# My Family is getting Bigger~~!!!!



## jduwall (Aug 7, 2009)

I am so exciting....Over the weekend, I went to Ohio to pick up 2 new does (a nubian, a mini-nub) and buckling (white with blue eyes) and an absolutely gorgeous black and white mini nubian buck with blue eyes. I am so excited~~!!! everyone is getting along so great. (i think the buck may have even caught my sweet little Belle) 

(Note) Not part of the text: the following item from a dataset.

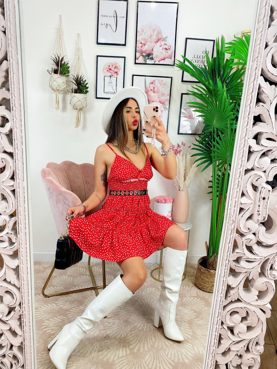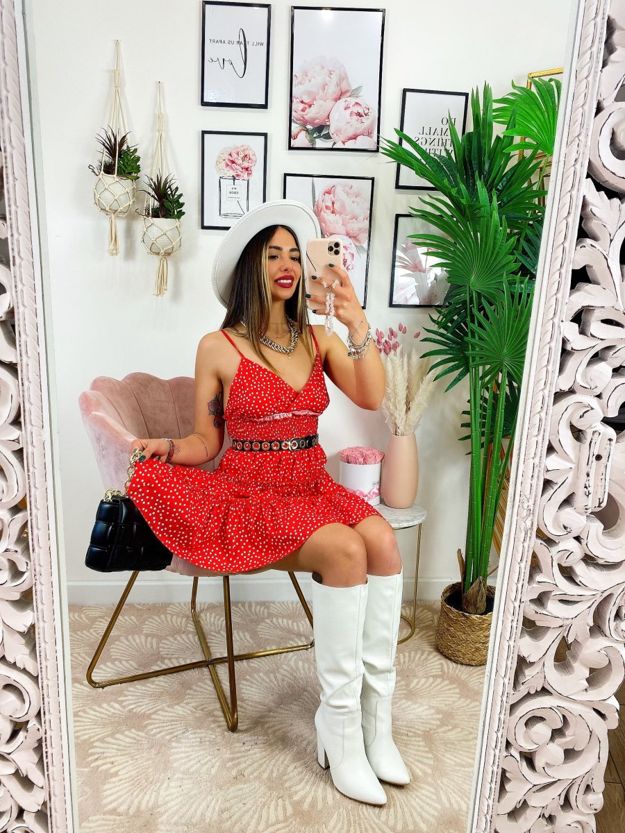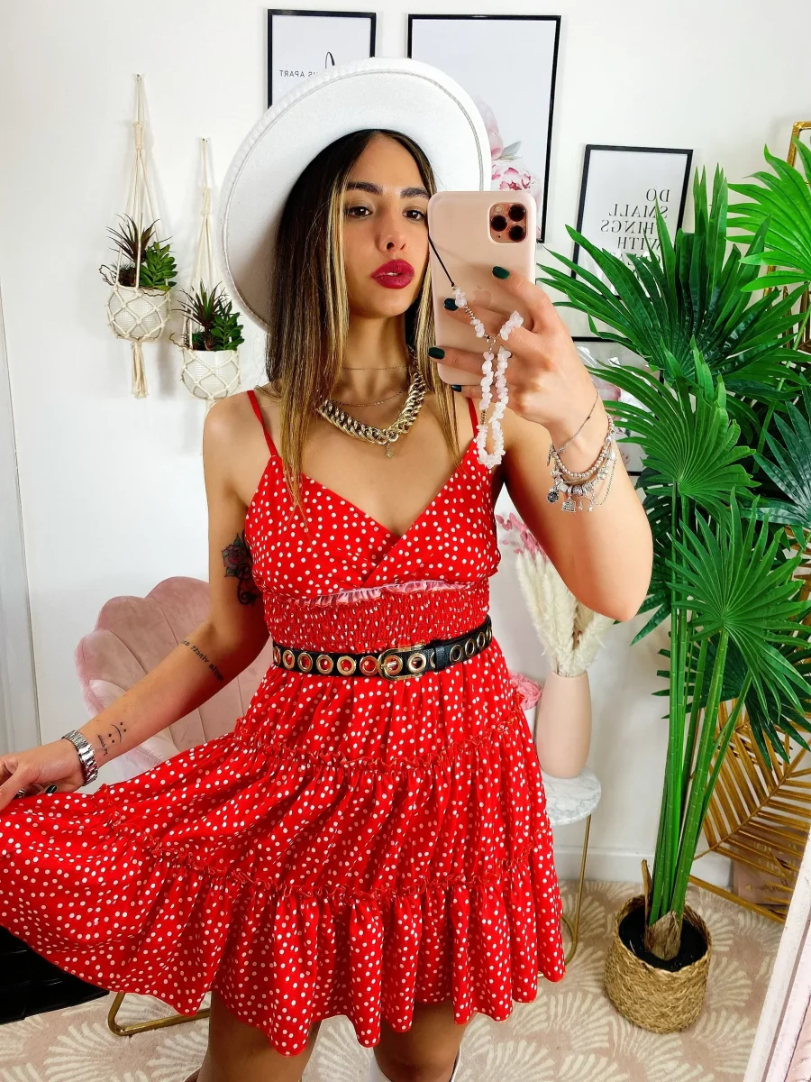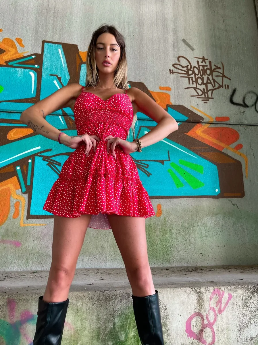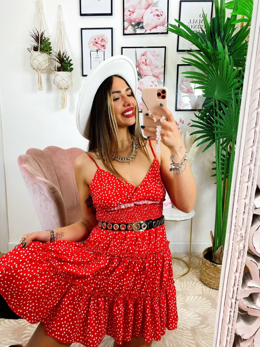 Recensisci per primo “Abito a balze con gonna ampia a pois Rosso”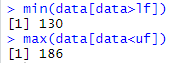 # box plot에 값 나타내기 boxplot(data) text(1.1,min,min,col='blue') text(1.3,q1,q1,col='blue') text(1.3,q2,q2,col='blue') text(1.3,q3,q3,col='blue') text(0.7,min(data[data>lf]), min(data[data>lf]),col='blue') text(0.7,max(data[data<uf]), max(data[data<uf]),col='blue') text(1.1,max,max,col='blue') |

I will sent pics soon...I can't wait for you all to see them.....YEAH~~!! I love a big family...    :leap:   

Jennifer


----------



## sparks879 (Oct 17, 2007)

Congrats on the new aditions! I can't wait to see pictures!
Beth


----------



## toth boer goats (Jul 20, 2008)

definitely ....congrats . :wink: ..it is so exciting... getting new additions..... :thumbup: :greengrin:


----------



## liz (Oct 5, 2007)

Congrats!!! Absolutely must see pics!!

Is Belle the mini togg doeling?


----------



## RowdyKidz (Apr 2, 2009)

CONGRATS!!! Can't WAIT to see them!!! :stars: :greengrin:


----------



## jduwall (Aug 7, 2009)

yep Belle is my mini-tog. I am telling you she has been in and out of heat since I got her...but she is the sweetest goat..she loves huggins' and lovins' , follows me everywhere...my baby.....

that's for the mild advise. I will call Mr. Clark tomorrow. if he doesn't have any maybe when I am down to my last gallon I will start to mix it with Save-a-Kid. This little boy is just fantastic...so active, friendly and HUNGRY~~!!!! That's my man~~!!


----------



## liz (Oct 5, 2007)

Glad the little guy is eating well! Mixing the replacer and gradually going all replacer would work, but some kids do better with whole cow milk from the store, whichever you decide on will be fine and I am sure he will thrive with all the TLC he'll get as well.

Be sure he gets his CD/T at 6 weeks and again at 9 weeks and think about doing a cocci prevention with him starting at 3 weeks, it could help to make sure he stays healthy and thrives for you.


----------



## KW Farms (Jun 21, 2008)

So......where are the pictures??? :ROFL: They sound really cute...congrats!!


----------